# Parliamo un pò degli editor di testo / IDE che preferite?

## n0t

Di quali strumenti abbiano per venirvi in contro nel fare ciò che dovete fare.

Delle performances, delle features che hanno, e sul perchè li avete scelti?

----------

## Apetrini

Di solito lavoro con qtcreator-1.3; gestisce progetti con qmake, cmake e permette la gestione "interna" dei repository git (anche se io ancora uso la gestione a riga di comando per modificare/alterare/comittare roba sul git).

Un'altra bellissima funzionalità è la gestione integrata del designer delle qt che permette di integrare/alterare/modificare quei famosi file xml che poi verranno trasformati in codice c++ da uic/automoc.

Devo dire che trovo qtcreator molto veloce nel fare le cose.

Il tutto ovviamente per c/c++.

In alternativa minimale, penso che qualsiasi editor che abbia la colorazione dalla sintassi e la possibilità di avere una lista di file aperti contemporaneamente vada bene.

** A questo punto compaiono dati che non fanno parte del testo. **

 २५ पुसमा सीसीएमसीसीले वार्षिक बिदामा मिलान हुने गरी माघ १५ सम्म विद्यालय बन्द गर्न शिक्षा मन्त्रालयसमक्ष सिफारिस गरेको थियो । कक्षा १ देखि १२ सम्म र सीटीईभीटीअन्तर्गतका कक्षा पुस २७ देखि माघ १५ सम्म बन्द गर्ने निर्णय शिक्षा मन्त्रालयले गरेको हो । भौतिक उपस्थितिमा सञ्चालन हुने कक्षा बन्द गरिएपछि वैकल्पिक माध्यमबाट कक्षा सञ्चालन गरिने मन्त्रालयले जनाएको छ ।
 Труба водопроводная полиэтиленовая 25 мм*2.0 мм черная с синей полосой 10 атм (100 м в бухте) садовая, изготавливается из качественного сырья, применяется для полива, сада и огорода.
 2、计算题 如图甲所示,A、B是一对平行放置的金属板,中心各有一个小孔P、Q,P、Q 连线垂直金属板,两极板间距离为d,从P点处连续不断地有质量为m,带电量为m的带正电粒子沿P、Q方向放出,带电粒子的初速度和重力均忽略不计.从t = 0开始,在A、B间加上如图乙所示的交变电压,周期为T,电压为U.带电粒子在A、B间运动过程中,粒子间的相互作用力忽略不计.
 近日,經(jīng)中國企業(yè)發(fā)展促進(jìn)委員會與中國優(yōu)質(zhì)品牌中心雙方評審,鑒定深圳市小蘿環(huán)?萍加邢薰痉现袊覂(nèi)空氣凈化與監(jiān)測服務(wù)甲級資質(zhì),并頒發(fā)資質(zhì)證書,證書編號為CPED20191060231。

Certo, se ci sono funzionalità tipo doppio-click sulla funzione/metodo e ti porta alla implementazione del metodo tanto meglio.

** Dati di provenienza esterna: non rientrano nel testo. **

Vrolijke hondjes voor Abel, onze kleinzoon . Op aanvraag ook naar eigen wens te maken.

Se ha un ambiente di debug integrato ben venga.

----------

## lucapost

un thread tra i molti dove si è trattato l'argomento è questo: https://forums.gentoo.org/viewtopic-t-590162-highlight-editor.html

----------

## riverdragon

Anche io uso qtcreator, è veramente bello, supera a mio avviso Eclipse+CDT; consigliatissimo nel caso si usino le QT. Per java uso Eclipse semplicemente perché è l'unico che ho provato.

Non sono mai riuscito a far funzionare il plugin PHP per Eclipse; avevo provato il plugin per Python ma non mi aveva entusiasmato. Per tutto il resto uso Gedit o Vim (ammetto di usare un centesimo delle funzionalità di vim, però).Last edited by riverdragon on Thu May 20, 2010 12:01 pm; edited 1 time in total

----------

## n0t

 *lucapost wrote:*   

> un thread tra i molti dove si è trattato l'argomento è questo: https://forums.gentoo.org/viewtopic-t-590162-highlight-editor.html

 

Ma il punto era fare un thread dove qualcuno avesse potuto attingere dalle esperienze degli altri.. diversamente dagli altri topic senza reply ot

magari i mod potrebbero eliminare questi 2 reply 

hola

----------

## MajinJoko

Secondo me geany è davvero fenomenale.

----------

## ercoppa

 *Quote:*   

> Secondo me geany è davvero fenomenale.

 

Anche io lo uso per roba in C ed in PHP. Peccato che pasticci moltissimo nel capire i symbols e gli scope.

Aò contrario per JAVA assolutamente eclipse, perfettamente integrato con questo linguaggio.

Saluti.

----------

## Peach

 *ercoppa wrote:*   

>  *Quote:*   Secondo me geany è davvero fenomenale. 
> 
> Anche io lo uso per roba in C ed in PHP. Peccato che pasticci moltissimo nel capire i symbols e gli scope.

 

quoto per quanto riguarda geany

fondamentale ed essenziale direi.

----------

## Ic3M4n

geany è semplice e immediato, in effetti per i simboli bisogna lavorare un po' da linea di comando per avere una cosa un po' più usabile. l'utilizzo di --generate-tags è assolutamente indispensabile se si deve accedere a codice di terze parti. 

Per python Wingide... disponibile gratuitamente per progetti open source o a pagamento altrimenti.

----------

## X-Act!

VI e all'occorrenza qualche sua estenzione. L'unico contro è che crea dipendenza...

----------

## devilheart

da buon utente kde uso kdevelop

----------